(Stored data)
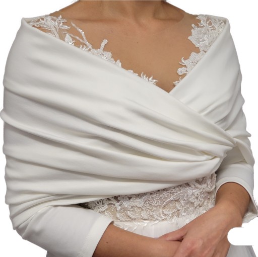 Najmodniejsza w tym sezonie, elegancka i przyjemna w dotyku narzutka jest świetnym dodatkiem dla Panny Młodej w dniu ślubu.
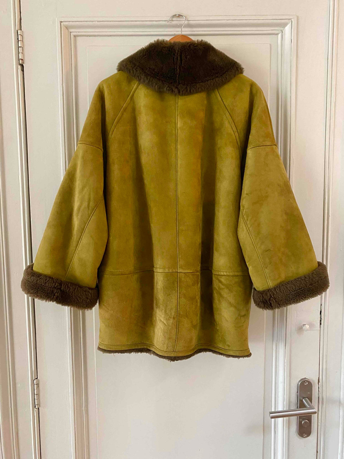 Unit price perSuede sheepskin jacket with olive green outer layer and khaki brown sheepskin inner layer, sheepskin collar, flared pagoda sleeves with cuffs, large horn buttons, made in Italy, size 38 shown here fitted on a size 40 model.
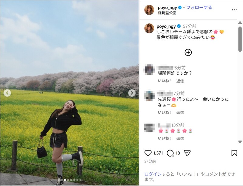 ゆきぽよは「しごおわチームぽよで念願の 景色が綺麗すぎてCGみたい」とつづり、写真を投稿。満開の桜を背景に黒のへそ出しショート丈パーカーにショートパンツ、ハイソックス、スニーカーのコーディネートでお花見を楽しむ様子を披露した。
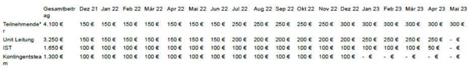Der Teilnahmebetrag richtet sich nach der gewählten Teilnahmevariante (s.o. Ziff. 3.2, Reiseform und Pakete) und ggf. nach der Funktion des Teilnehmers im Kontingent. Das SEPA Lastschriftverfahren wird nach folgendem Plan eingezogen. Der Einzug erfolgt am 5. des jeweiligen Monats bzw. am darauffolgenden Werktag.
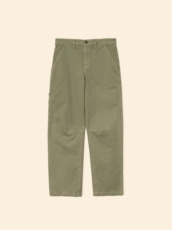 Xirena basis twill pants, een terug kerend item die altijd makkelijk combineerd, zowel met een sneaker als een hak. army green
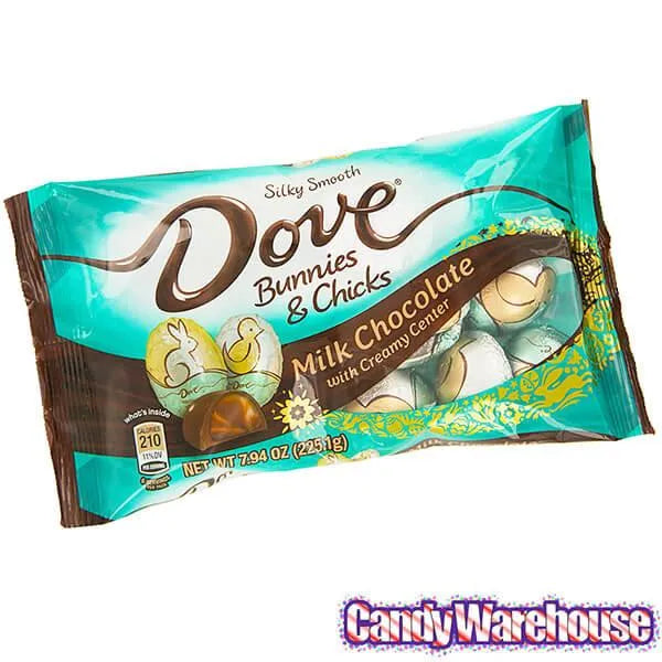 Perfect for the Easter candy dish, these Dove silky smooth milk chocolates with creamy chocolate centers are wrapped with elegant metallic foils featuring bunnies and chicks.
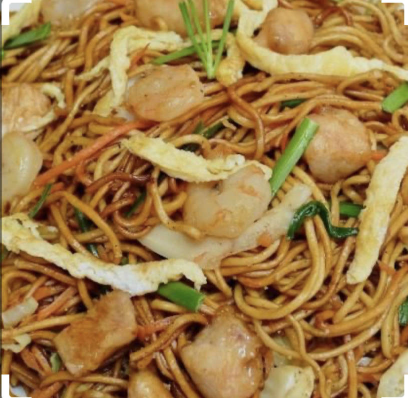 Nouilles au blé, poulet, légumes (sauce à l’ail)

» Problem requirements:
Please retype every record above exactly, leaving out the pictures.

» Solution to this task:
 Najmodniejsza w tym sezonie, elegancka i przyjemna w dotyku narzutka jest świetnym dodatkiem dla Panny Młodej w dniu ślubu.
 Unit price perSuede sheepskin jacket with olive green outer layer and khaki brown sheepskin inner layer, sheepskin collar, flared pagoda sleeves with cuffs, large horn buttons, made in Italy, size 38 shown here fitted on a size 40 model.
 ゆきぽよは「しごおわチームぽよで念願の 景色が綺麗すぎてCGみたい」とつづり、写真を投稿。満開の桜を背景に黒のへそ出しショート丈パーカーにショートパンツ、ハイソックス、スニーカーのコーディネートでお花見を楽しむ様子を披露した。
Der Teilnahmebetrag richtet sich nach der gewählten Teilnahmevariante (s.o. Ziff. 3.2, Reiseform und Pakete) und ggf. nach der Funktion des Teilnehmers im Kontingent. Das SEPA Lastschriftverfahren wird nach folgendem Plan eingezogen. Der Einzug erfolgt am 5. des jeweiligen Monats bzw. am darauffolgenden Werktag.
 Xirena basis twill pants, een terug kerend item die altijd makkelijk combineerd, zowel met een sneaker als een hak. army green
 Perfect for the Easter candy dish, these Dove silky smooth milk chocolates with creamy chocolate centers are wrapped with elegant metallic foils featuring bunnies and chicks.
 Nouilles au blé, poulet, légumes (sauce à l’ail)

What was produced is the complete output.